_Aim of the task_
Reproduce the listing in full. Omit the pictures.

──────

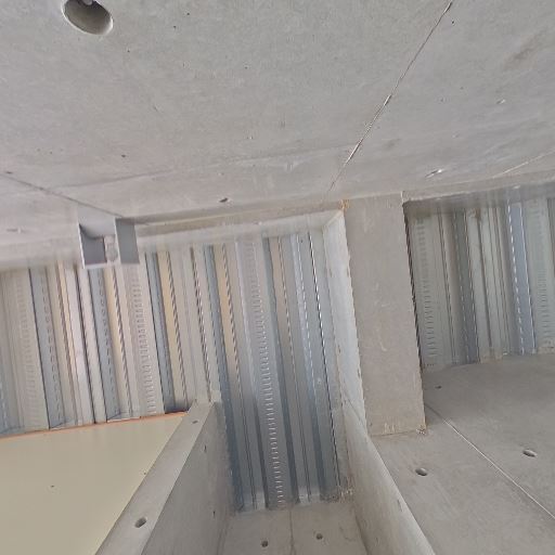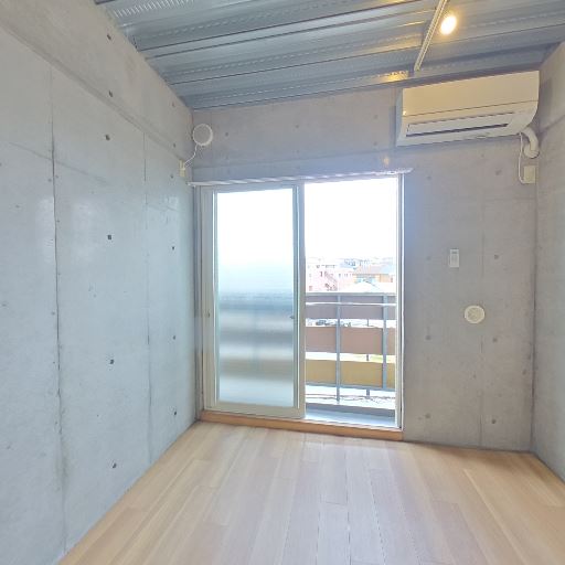 コンクリート打ちっぱなしの内装(確度90%):壁・天井がコンクリート仕上げで、天井はデッキプレートが露出している。
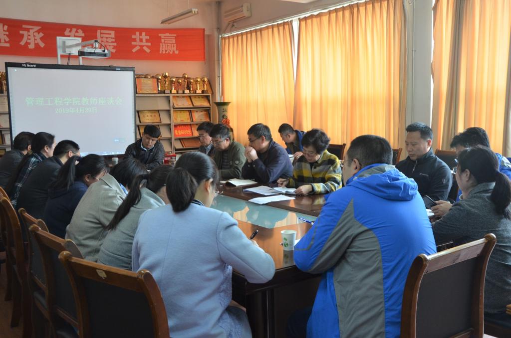 4月29日下午,管理工程学院在黄岛长江路校区2号教学楼410会议室召开教师代表座谈会。学院院长荀志远、党总支书记梁虹、教学副院长申建红、党总支副书记于利俊、各教研室、实验室13名教师参加座谈,会议由申建红主持。
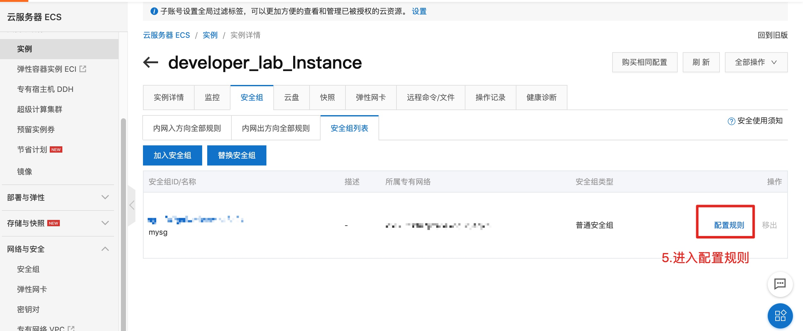 - 在连接服务器之前,首先需要把你自己的ip地址加入安全组中,允许通过入网需求。不然你是无法连接你自己的服务器的。
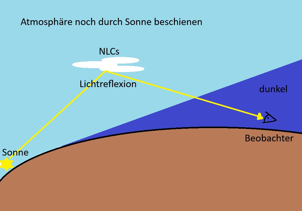 gestreut wird. Genau ab diesem Zeitpunkt werden die Leuchtenden Nachtwolken dann sichtbar, denn diese stehen dann auch noch im Sonnenlicht und reflektieren dieses. Es sieht somit so aus, als ob sie
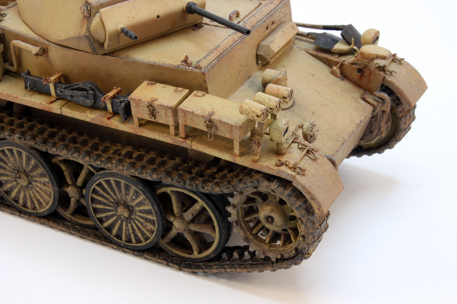 По краске ничего особо интересного. Грунт Тамия из баллона, легкий прешейдинг черным, потом базовый желтый Тамия. Сколы, смывки, пигменты. Пигменами брызгал активно, скорость 80 км/ч это не шутки!
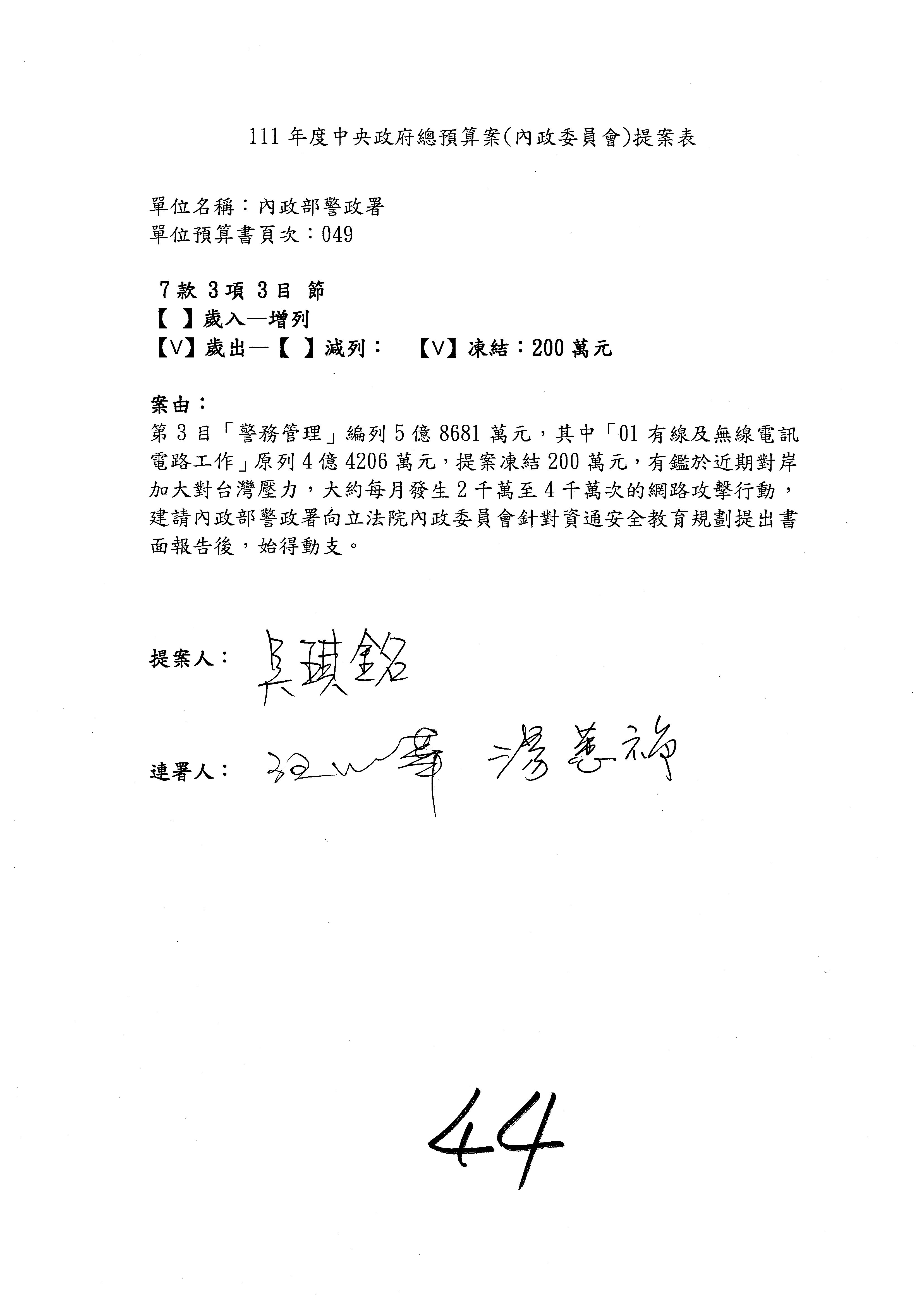 湯委員蕙禎:那麼這部分就同樣凍結200萬元。

──────

_Output_
 コンクリート打ちっぱなしの内装(確度90%):壁・天井がコンクリート仕上げで、天井はデッキプレートが露出している。
 4月29日下午,管理工程学院在黄岛长江路校区2号教学楼410会议室召开教师代表座谈会。学院院长荀志远、党总支书记梁虹、教学副院长申建红、党总支副书记于利俊、各教研室、实验室13名教师参加座谈,会议由申建红主持。
 - 在连接服务器之前,首先需要把你自己的ip地址加入安全组中,允许通过入网需求。不然你是无法连接你自己的服务器的。
 gestreut wird. Genau ab diesem Zeitpunkt werden die Leuchtenden Nachtwolken dann sichtbar, denn diese stehen dann auch noch im Sonnenlicht und reflektieren dieses. Es sieht somit so aus, als ob sie
 По краске ничего особо интересного. Грунт Тамия из баллона, легкий прешейдинг черным, потом базовый желтый Тамия. Сколы, смывки, пигменты. Пигменами брызгал активно, скорость 80 км/ч это не шутки!
 湯委員蕙禎:那麼這部分就同樣凍結200萬元。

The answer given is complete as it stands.